Мужчина бросил короткий взгляд, но в нем было сказано больше, чем сказали бы любые слова. Одиночество, страсть и тоска – это страшный коктейль.
– Нам нужен перерыв, – также спокойно произнес Пер. – Она не нагулялась, да и мне рано ещё связывать себя по рукам и по ногам.
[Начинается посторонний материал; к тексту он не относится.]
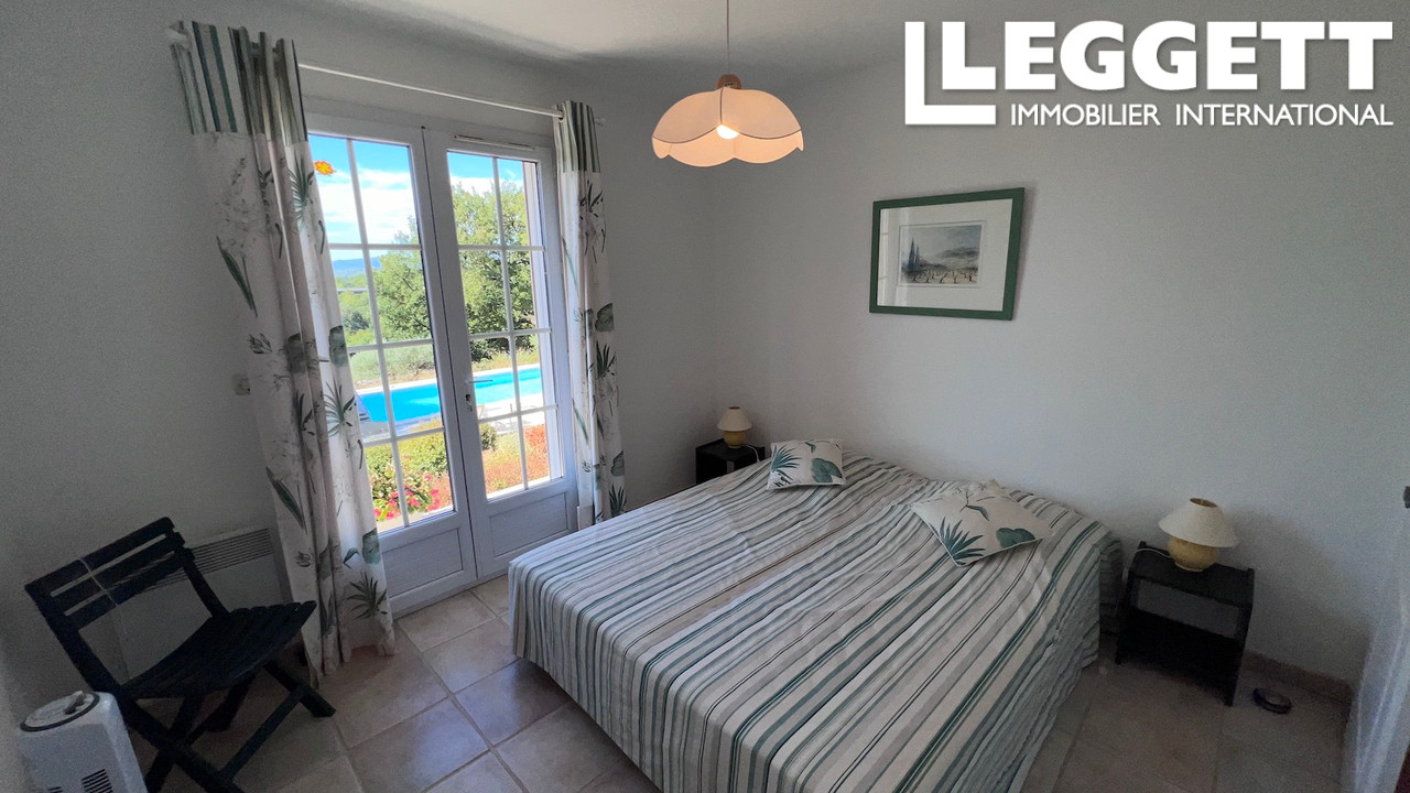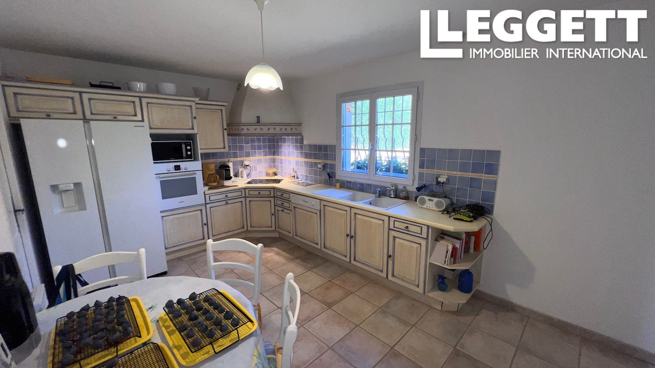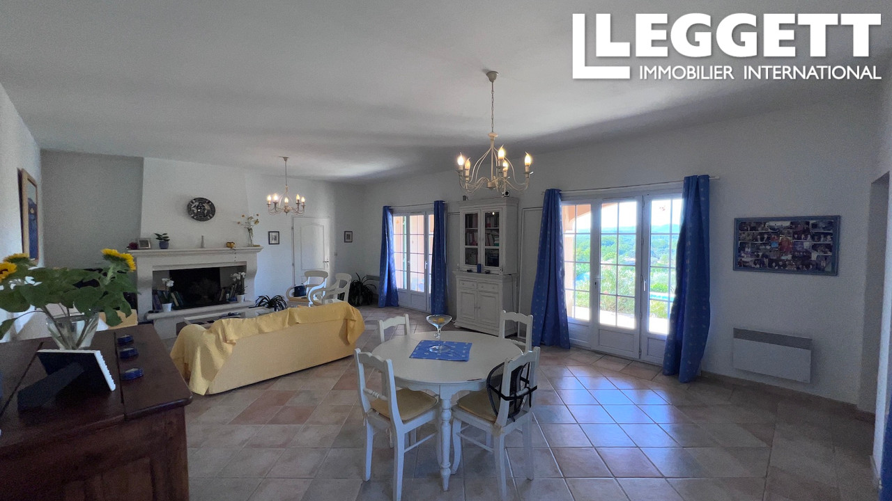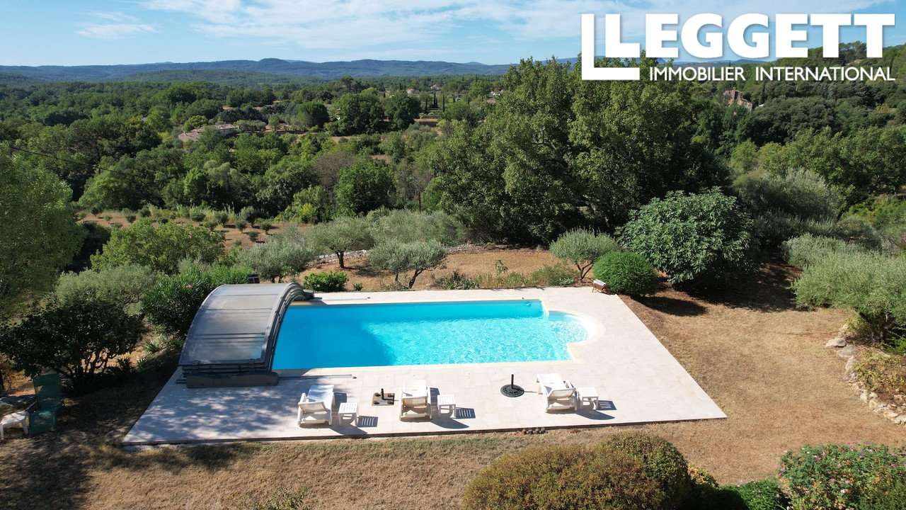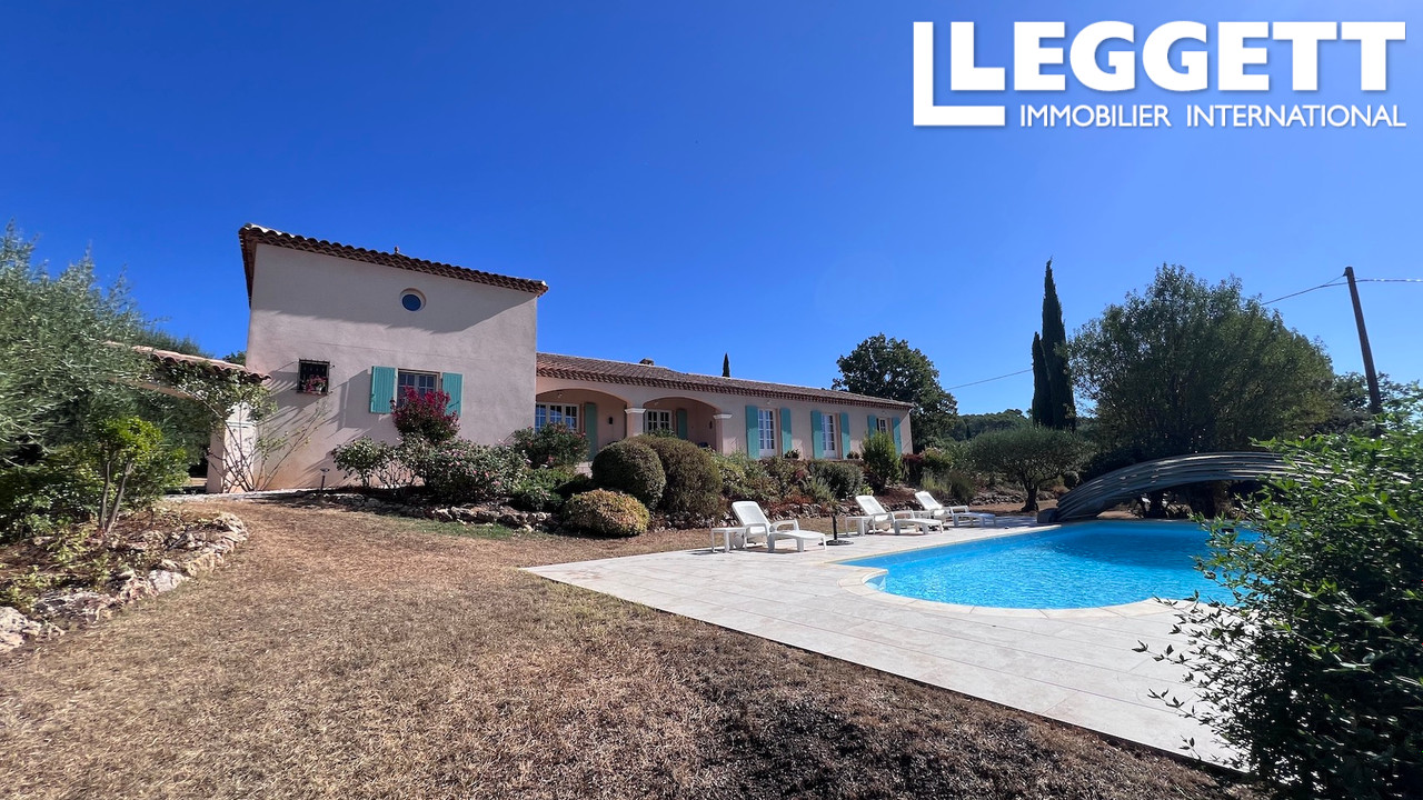 A40346GWI83 - Magnifique villa à Cotignac. Cette charmante propriété provençale, située dans un environnement calme et sans vis-à-vis, à proximité du village et de tous les commerces, repose sur un terrain de 4 240 m² agrémenté de 80 oliviers et de diverses plantes méditerranéennes. Offrant une intimité et un calme absolus, elle bénéficie d'une vue panoramique exceptionnelle sur la campagne environnante. Le jardin abrite une belle piscine. Un grand garage de 27 m² et un abri-voiture sont également disponibles. Au rez-de-chaussée : un hall d'entrée, des toilettes invités, un grand séjour-salle à manger de 45 m² avec cheminée. Cette pièce lumineuse donne accès à une terrasse ombragée, orientée plein sud, offrant une vue imprenable sur la piscine et les environs. Une cuisine spacieuse et entièrement équipée avec coin repas, un cellier/buanderie, une suite parentale avec salle de bains et toilettes, trois chambres supplémentaires, un dressing, une salle de douche et des toilettes séparées.

Мари это не понравилось. Впрочем, Пер предвидел, что она превратно истолкует его слова.
– А ну-ка выйдем, – прошипела Мари и за рукав вытащила мужчину из студии. Зелёно-карие глаза полыхнули гневом, когда они оказались на коридоре. – Ты, идиот, совсем спятил, расставаться из-за меня? Жалеть надумал? А сходить куда подальше не хочешь?
– А я это сказал? – невозмутимо спросил Пер. – К тому же я не обманываю тебя.
– О да, дружеский флирт в присутствии невесты, а потом почему-то им перерыв понадобился, – в голосе Мари прозвучала прямо издёвка. Девушка собой прекрасно владела теперь, и за её язвительностью невозможно было увидеть одиночество и подсознательную мольбу.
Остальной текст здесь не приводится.